The discrepancy in outcomes between patients diagnosed with the same stage of AKI by different criteria is not surprising. Although alteration in UO is a sensitive marker of AKI, it is not very specific. For example, ultrafiltration is commonly used to reduce perioperative fluid excess and UO decreases as ultrafiltration volume increases8. However, information on perioperative fluid management — particularly whether ultrafiltration during cardiopulmonary bypass was performed — is not provided in this study. Whether or not oliguria as defined by current AKI criteria reflects true kidney injury or haemoconcentration owing to perioperative ultrafiltration remains unknown.

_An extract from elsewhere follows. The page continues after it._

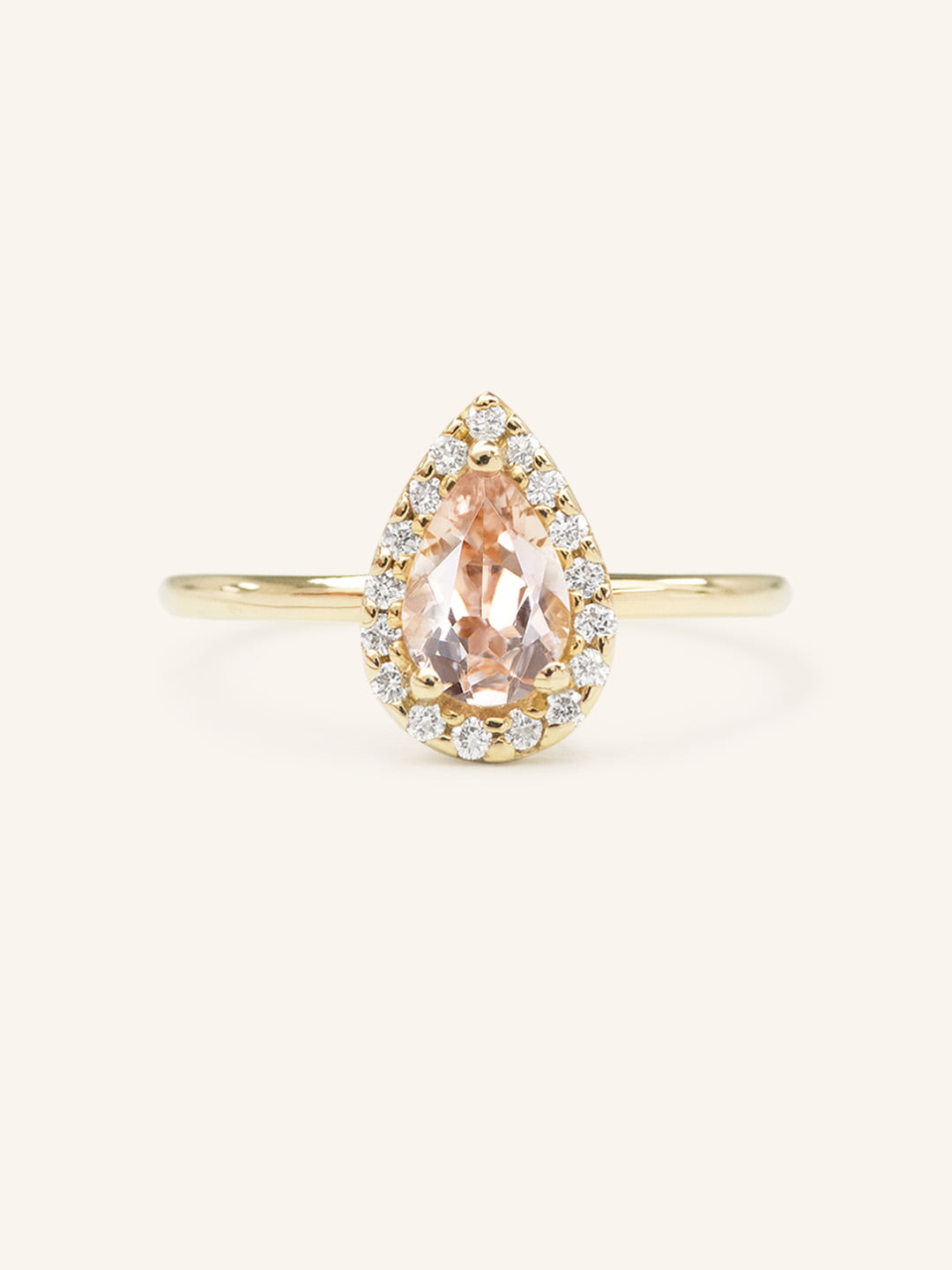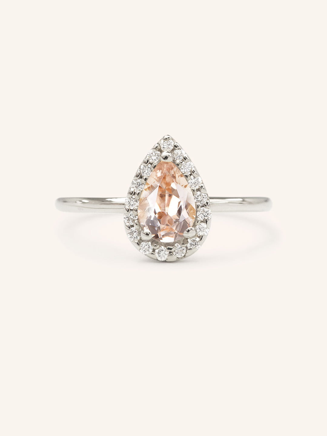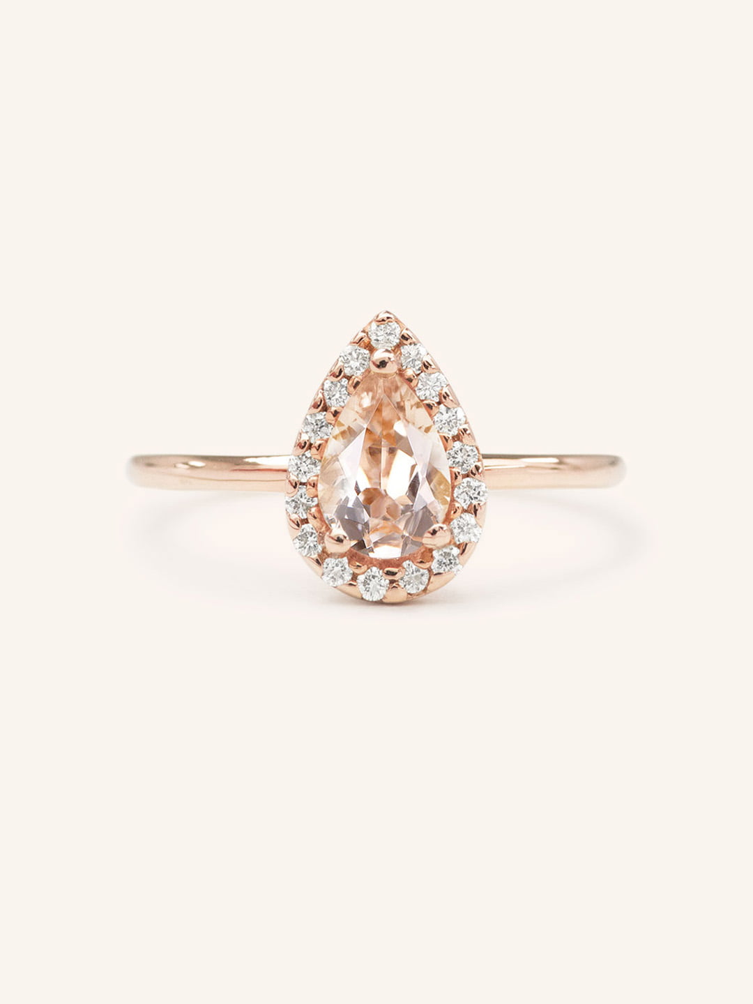 BRIDAL ROSE Halo Pear Morganite Engagement Ring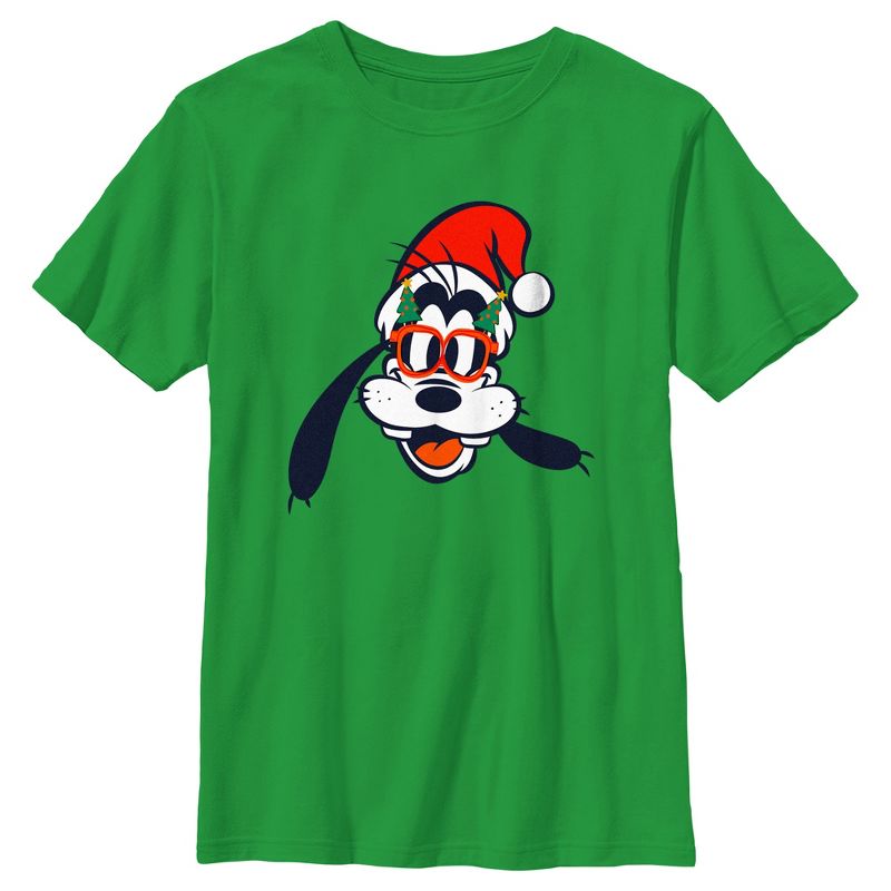 - تباهَ بملابسك مع هذا التيشيرت الجديد والأنيق للأولاد، مثالي لموسم الأعياد! يُظهر غوفي مرتديًا قبعة سانتا ونظارات، مع أشجار عيد الميلاد على الجهة الأمامية.

Clearly, the currently available tools for diagnosis of AKI are not capable of accurately assessing risk or fully reflecting the heterogeneous nature of AKI. Hopefully, the future incorporation of novel tubular damage biomarkers will help clinicians to distinguish AKI from changes in renal function that are not associated with adverse outcomes. For example, patients diagnosed with AKI by UO criteria who also have increases in the levels of damage biomarkers may have significantly different outcomes from those with oliguria but no increase in biomarker levels. In addition, dynamic evaluation of renal function will further increase our ability to identify inter-individual differences in renal capacity and susceptibility to injury, even among individuals with normal glomerular filtration rate9. For example, among patients with stage 1 AKI, those with intact renal functional reserve might have significantly different outcomes from those with reduced renal functional reserve. Furthermore, normalization of SCr levels may not be an indication of complete recovery after an episode of AKI and changes in damage biomarkers might help stratify these patients10. A thorough discussion regarding risk stratification and articulated diagnosis of AKI is expected at the upcoming KDIGO consensus conference. The odyssey of risk stratification in AKI continues but hopefully within the next 5–10 years we will have more robust methods for diagnosis and staging of AKI.